▸ **SOURCE MATERIAL**:
========================================================================

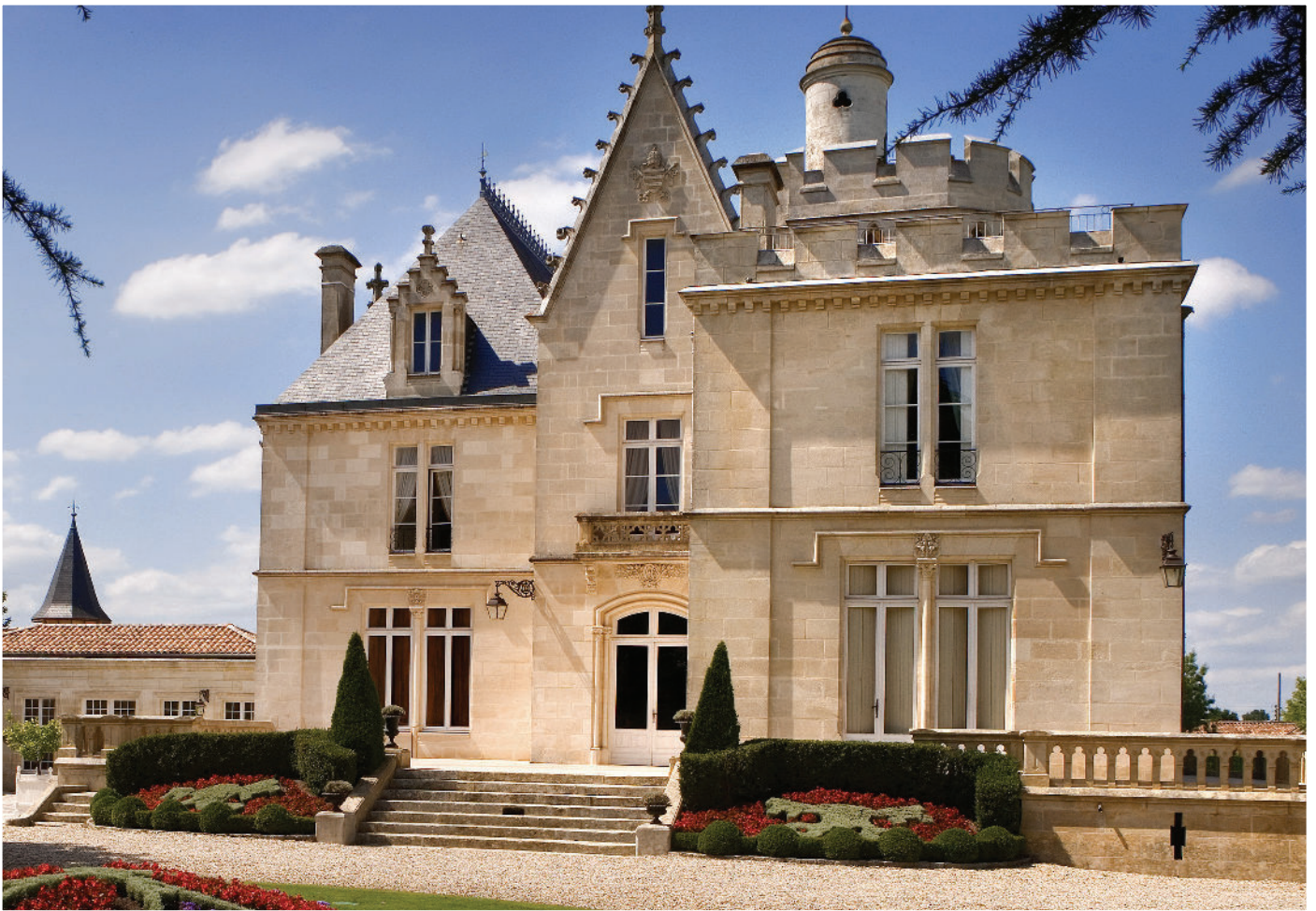
Le Château Pape Clément
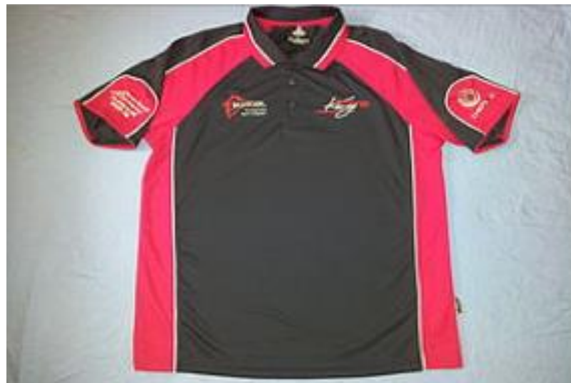
The UFTGCC Social Shirt.
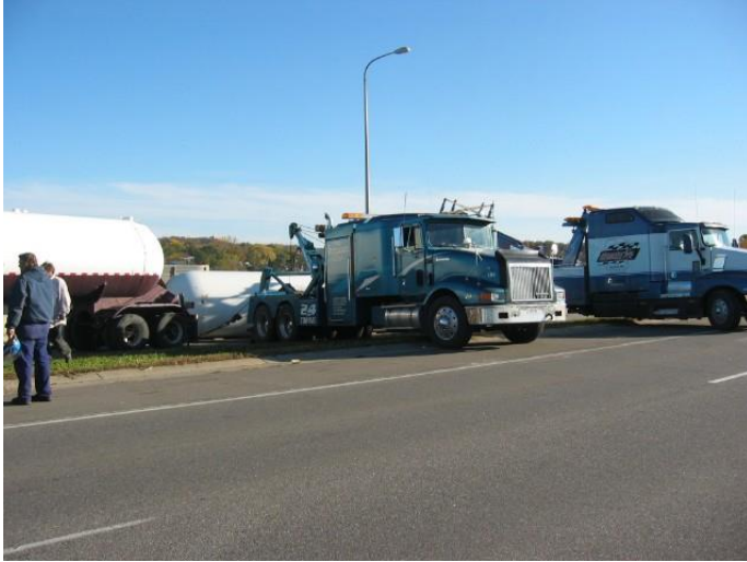
Beginning to up-right tanker.
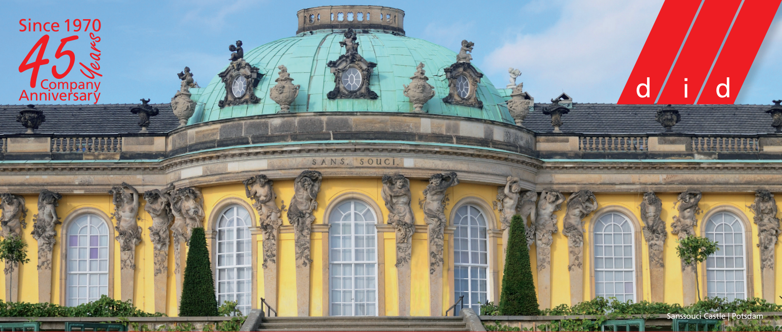
Sanssouci Castle | Potsdam
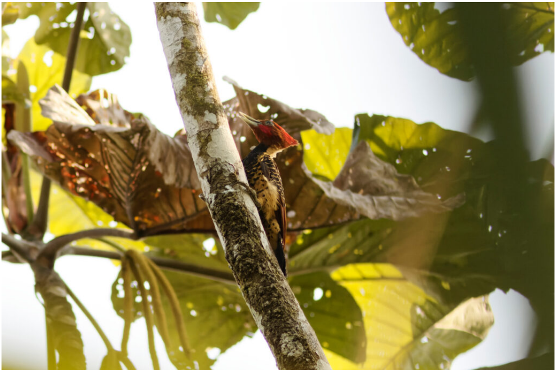
Rufous-headed Woodpecker

========================================================================

▸ **REQUIRED ACTION**:
Print every record above exactly, with no pictures.

▸ **RESPONSE TO THIS TASK**:
Le Château Pape Clément
The UFTGCC Social Shirt.
Beginning to up-right tanker.
Sanssouci Castle | Potsdam
Rufous-headed Woodpecker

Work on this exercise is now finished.